There are many different ways to test a child’s hearing, such as letting them sleep! Since infants aren’t able to raise their hands when they hear the beeps, pediatric audiologists use a test called an Auditory Brainstem Response (ABR) to assess your child’s hearing while they sleep.
What Is An ABR?
The Auditory Brainstem Response (ABR) test is a specialized test designed to evaluate the auditory system, beginning from the outer ear and up to the level of the brainstem. Although the ABR test is a helpful tool in determining your child’s ability to hear, it is not a hearing evaluation, but rather an objective measure of the auditory system’s response to sound. The test uses a special computer to measure the way your child’s hearing nerve responds to different sounds, such as a click or various pitches of tone bursts. Four small stickers, known as electrodes, will be placed on your child’s head and behind their ears and then connected to a computer. As sounds are made through tiny earphones, the electrodes measure how your child’s hearing nerves respond to them. An ABR test is safe and painless.

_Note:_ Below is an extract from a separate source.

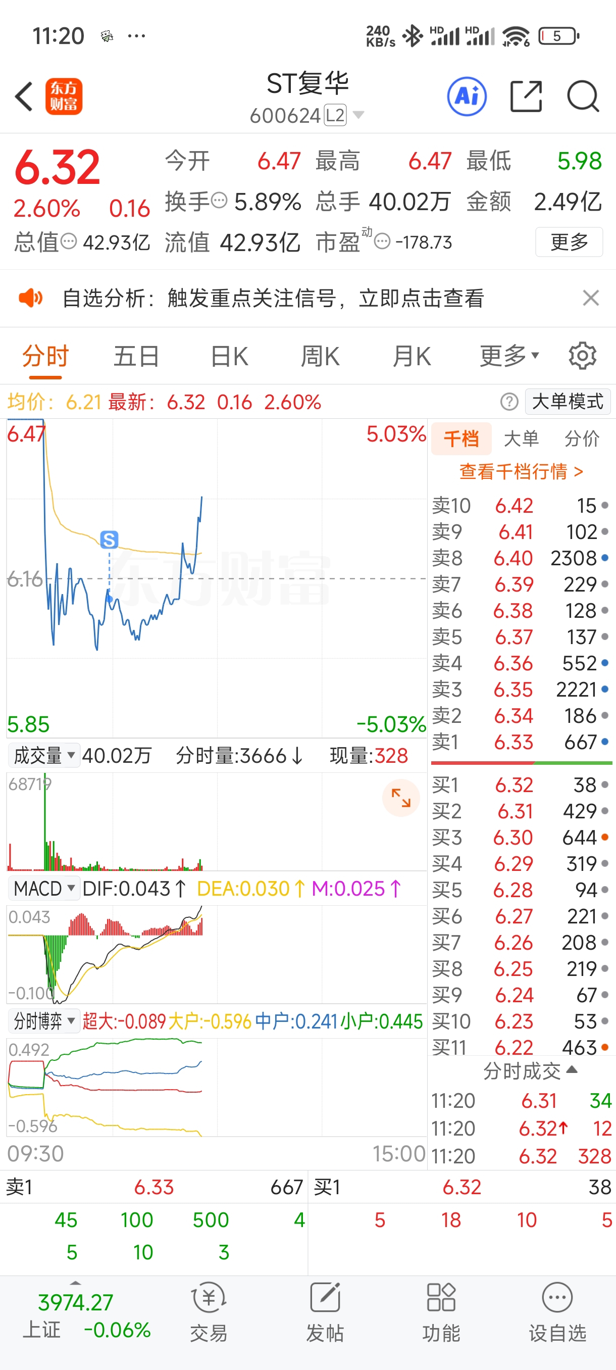 $ST复华(SH600624)$ 上午没时间盯盘,这么玩呢

ABRs are recommended when a baby fails their newborn hearing screening test given at the hospital shortly after birth to confirm or rule out hearing loss. Generally, ABRs are also used with children who are unable to complete conventional hearing tests in a sound booth because the child might be too young, have limited attention, are unable to understand testing procedures, or have medical involvement or developmental delays that makes sitting still and responding to sounds difficult.
How Is The ABR Completed?
Our pediatric audiologists will first need to clean part of your child’s forehead and behind their ears. This will be done using either an exfoliating paste or a small exfoliating pad. Small electrode stickers will be placed on these clean areas. Designed to pick up on the auditory system’s response to sounds, the electrodes will cause no pain or discomfort to your child. These electrodes can also pick up on muscle movement, which is why your child must be asleep to complete this test. If your child is awake and moving during the test, the results will not be reliable.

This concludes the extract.